>>715798917
Yeah, VRR can be turned off and through nvidia you can also choose if you want or not to have VRR on windowed mode.
Tearing is not perceived the same on all games. Even at a high refresh rate it's far easier to perceive tearing on something like a 2D game than a first person shooter. That's why you'll find many people don't mind playing a shooter at 200fps without any kind of sync on at all and they'd prefer it that way.
When you play with a controller shit's more obvious. Even at something like 130fps you'll notice at least a bit of that. If you have vsync on, it gets worse actually. Not because of input lag or anything like that (it's far less noticeable on higher framerates) but because if you move the camera around consistently you'll notice small "jumps", some sort of annoying juddering, because the refresh rate obviously cannot match the framerate at all.
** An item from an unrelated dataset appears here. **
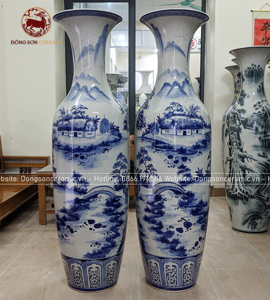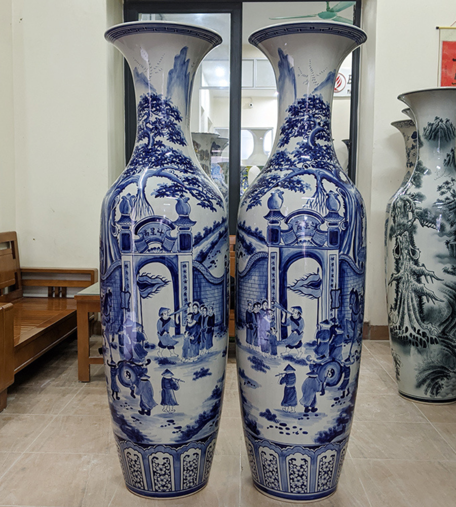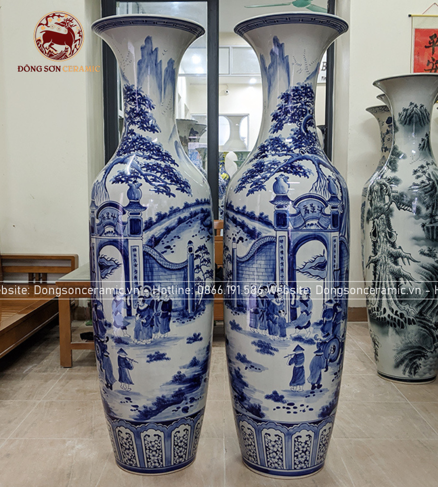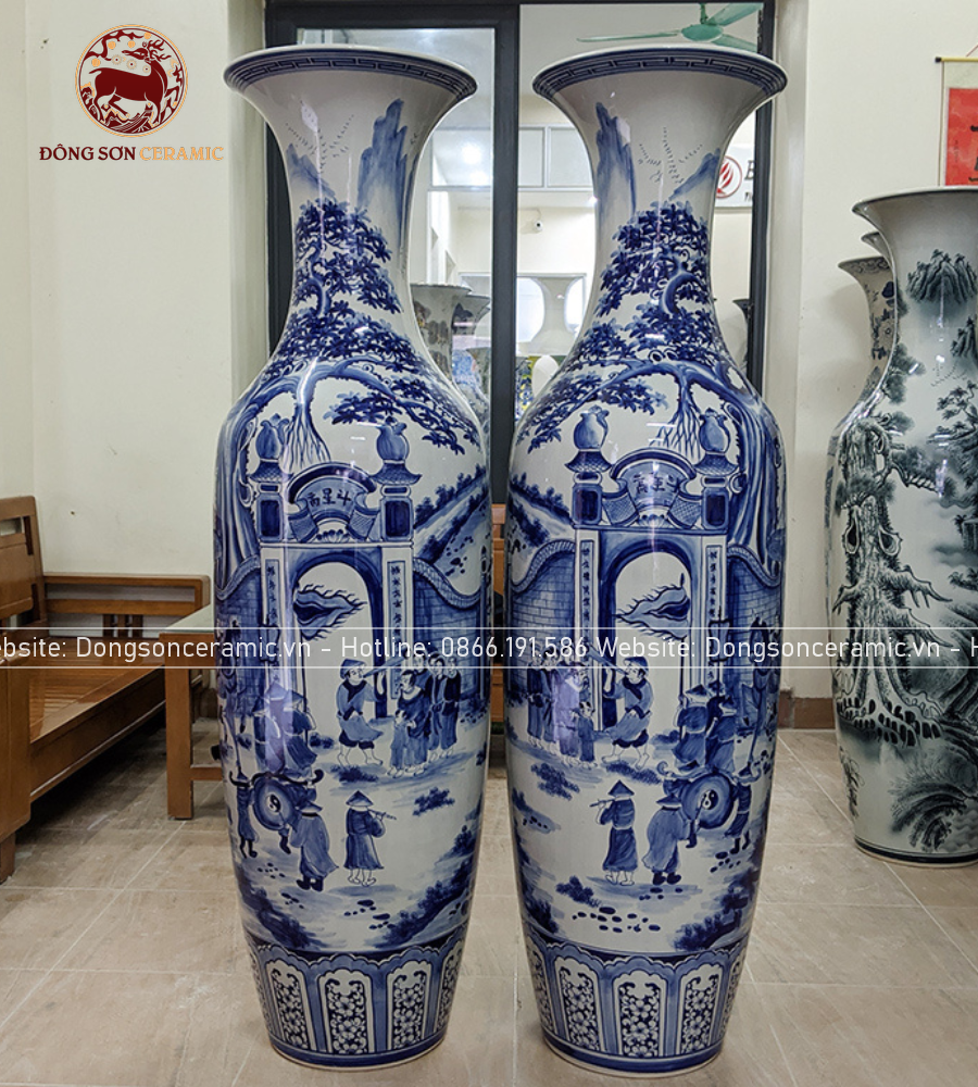 Lục Bình Bát Tràng họa tiết vinh quy bái tổ men lam vẽ kĩ 1m6 | Quà Tặng Cao Cấp lục bình gốm
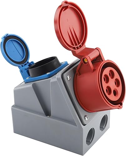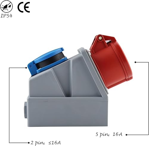 Pfloge® CEE Wandsteckdose, 415 VAC u. 220 VAC, CEE 16A Wandsteckdose, 5-polig, 3P + N + PE, IP54 Kraftsteckdose 16A

It really fucks it over.
I have a 360hz OLED monitor myself, and there's been several times where for whatever reason (maybe installing drivers again or whatever) VRR was disabled and I could tell right away without having to check anything. "Why does it look like shit when I move around even though I'm getting a lot of FPS" and then I check the monitor OSD, and it's telling me VRR is disabled.
Of course I also notice when it's enabled because some games have a tendency to change framerates very rapidly in loading screens and there is brightness flickering, like the webm in the OP. But if you'll notice in that webm at the bottom, that's happening because it's fluctuating very stupidly, and normally you wouldn't encounter that while playing, unless you had a horribly unoptimized game.